2. selfdrivingcars.mit.edu + youtube playlist "MIT 6.S094: Deep Learning for Self-Driving Cars" (https://youtu.be/1L0TKZQcUtA?list=PLrAXtmErZgOeiKm4sgNOknGvN...)

3. Coursera: Machine Learning with Andrew Ng

4. Standford Cs231n (https://www.youtube.com/watch?v=g-PvXUjD6qg&list=PLlJy-eBtNF...)

5. Deep Learning School 2016 (https://www.youtube.com/playlist?list=PLrAXtmErZgOfMuxkACrYn...)

6. Udacity: Deep Learning (https://www.udacity.com/course/deep-learning--ud730)

I created a blog (http://ai.bskog.com) to have as a notepad and study backlog. There I keep track of what free courses I am currently taking and which one I will take next.


Although video courses are good. Everyday life makes it sometimes difficult to listen to videos on youtube while for instance doing chores around the house or working out, because you often need to a. see the slides/code examples, and b. put it into practice right away... therefore, podcasts are good to give you a flow of information.

Linear Digression, Data skeptic and (thanks to this thread i now discovered Machine Learning Guide)

Don't be discouraged if there is stuff you do not understand or feel like: i can never remember these terms or that algorithm. Just be immersed in the information and stuff will fall into place. And later when you hear about that thing again it will make more sense. I tend to use a breadth first approach to learning, where i get exposed to everything before digging into details thus getting an overview of what i need to learn and where to start.

A study group meetup (Every Tuesday evening in Austin, TX): https://www.meetup.com/cppmsg_ai/

Just Q&A - no presentations. Study from whatever books (http://amlbook.com/ and http://www.deeplearningbook.org/ are popular in our group) or courses (Andrew Ng's are also popular) you like throughout the week and then show up with any questions you have. We've been meeting for a couple of months now and new folks are always welcome no matter where you are in your studies!

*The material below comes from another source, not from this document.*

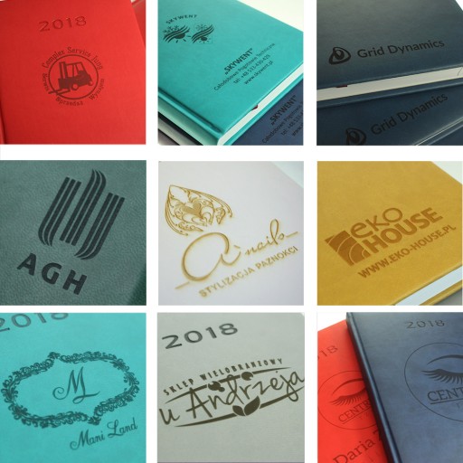 Bardzo dobrej jakości kalendarze drukowane i składane w Polsce, w oprawie typu Vivella. Format A5 (14,5 x 20,5 cm), 360 stron, układ dzienny (sobota i niedziela na jednej stronie), barwna i miękka okładka, indywidualny grawer tworzony na podstawie przesłanego pliku graficznego - wektorowego tzw. krzywe (przykładowy format zapisu: .eps, .ai, .cdr, .svg, .pdf).

I did the "early years" of both statistics and tiny neural networks/perceptrons in college a long time ago. It also helps that I use math at work (anything from simulated 3D physics to DSP.)

Since then, I've used Wikipedia and Mathworld when work had needed it. Regression, random forest, simulated annealing, clustering, boosting and gradient ascent are all on the statistics/ML spectrum.

But the best resource was running NVIDIA DIGITS, training some of the stock models, and really looking deeply at the visualizations available. You could do this on your own computer, or these days, rent some spot GPU instance on ECC for cheap.

I highly recommend going through the DIGITS tutorials if you want a crash course in deep learning, and make sure to visualize all the steps! Try a few different network topologies and different depths to get a feel for how it works.

For deep learning, and ConvNets in particular, cs231n can't be beat.

Geoff Hinton's Coursera course was what got me into it. It's not for the faint of heart. I might recommend Andrej Karpathy's cs231n as a more up to date source today.

This is only the tip of the iceberg, but I found this introduction to naive bayes classification assumed little prior knowledge and successfully helped me build a basic classifier: https://monkeylearn.com/blog/practical-explanation-naive-bay...

For the math: MIT OCW Scholar and maybe Klein's Coding the Matrix.

For AI specifically, MOOCS on Coursera, edx, and Udacity will give you plenty of options. The ones by big names like Thrun, Norvig, and Ng are great places to start.

It really helps to already be comfortable with algorithms. Princeton's MOOCs on Algorithms by Bob Sedgewick on Coursera would be a great place to start.

Think Bayes and Python Data Science Handbook are a good starting point. Below is the list of free books to learn ML/AI


Fast.ai is absolutely wonderful

If you were to spend a year or so going through many of the resources presented here, and probably knew your stuff pretty well (or at least as well as you could after a year), would anyone actually give you a job?

Nobody is "given" a job; you "earn" a job by convincing the hiring manager that you can do what they need done.

If you're any good, and have good results to show and talk about, yes, you could totally be employed.

If you show that you're extra willing to do all the heavy data preparation and labeling work yourself as well as the infrastructure that runs the models, you'll have an even easier time. Most people just want to play with models, and believe data preparation is "beneath" them, but that's actually where the meat is and where the success of the model is made or destroyed.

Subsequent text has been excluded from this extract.